The satellite was launched on a Falcon 9 rocket from NASA’s Kennedy Space Center in Florida on Dec. 9, 2021.

IXPE is the first satellite dedicated to measuring the polarization of X-rays from a variety of cosmic sources, such as black holes and neutron stars. Polarization is a property of light that gives scientists important information about cosmic objects. Before IXPE, X-ray polarization was rarely measured in space. In just one year, IXPE has conducted measurements no telescope has ever been able to make before.
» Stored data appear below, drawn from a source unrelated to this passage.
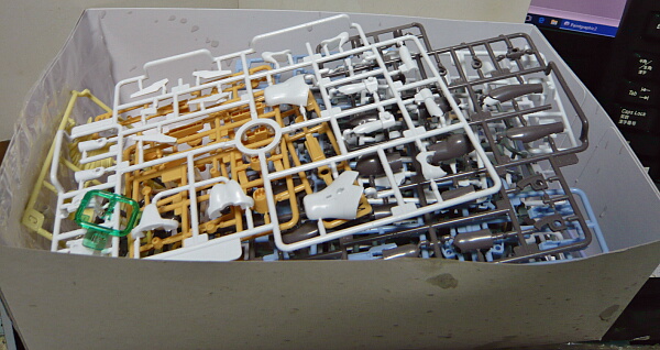 袋から出して箱へ戻してもこの物量感。例によってランナーは離型剤が残っていて触っていると手がヌルヌルしてきます。いつも通り中性洗剤でランナーを洗うところから始めましょうか。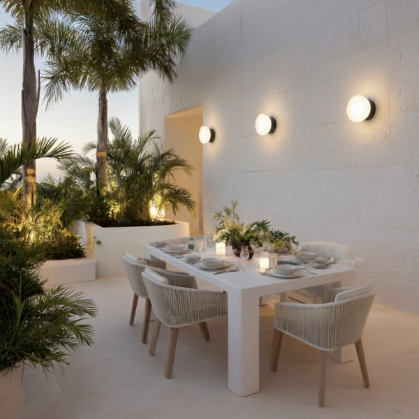Trap es un aplique para iluminación exterior. Fabricado en aluminio acabado negro texturado y cristal. IP65, apto para instalación en exteriores.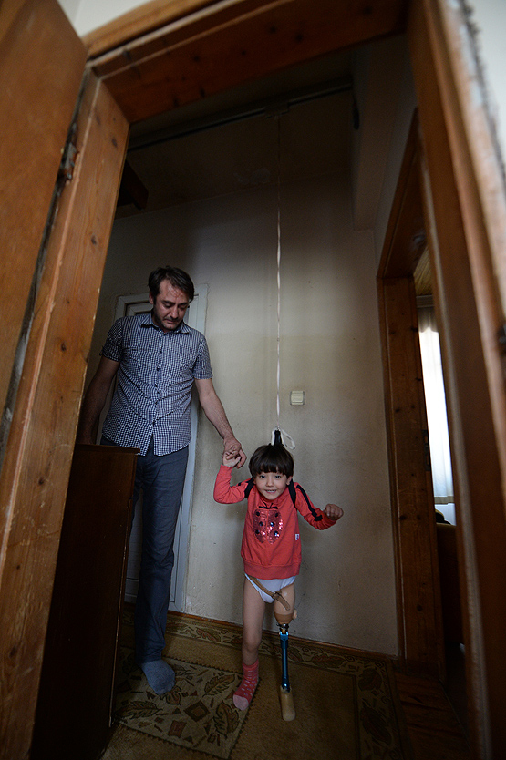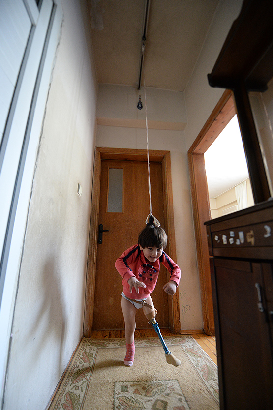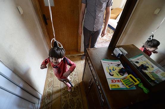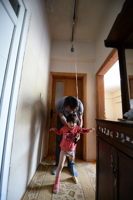 Antalyalı alüminyum doğrama ustası Ali İhsan Yıldırım, bir ayağını bebekken kaybeden 3,5 yaşındaki kızı Özge'nin protez ayak ile rahat yürüyebilmesi için evinin tavanına, tekerlekli alüminyum ve ipten oluşan düzenek kurdu.

  • IXPE unlocked the secrets of Cassiopeia A, a famous exploded star.
  • Findings from IXPE’s observation of neutron star Hercules X-1 surprised scientists.
  • IXPE revealed the shape and orientation of hot matter around a black hole.
  • Thanks to IXPE, scientists confirmed magnetars are highly polarized.
  • NASA’s IXPE helped solve a 40-year mystery around particle acceleration in a blazar, an active black hole that has a jet pointed toward Earth.

IXPE is just getting started. Its baseline mission duration is two years, so with at least one more year of exploration to go, the satellite is poised to make more exciting discoveries about the intricacies of X-ray polarization.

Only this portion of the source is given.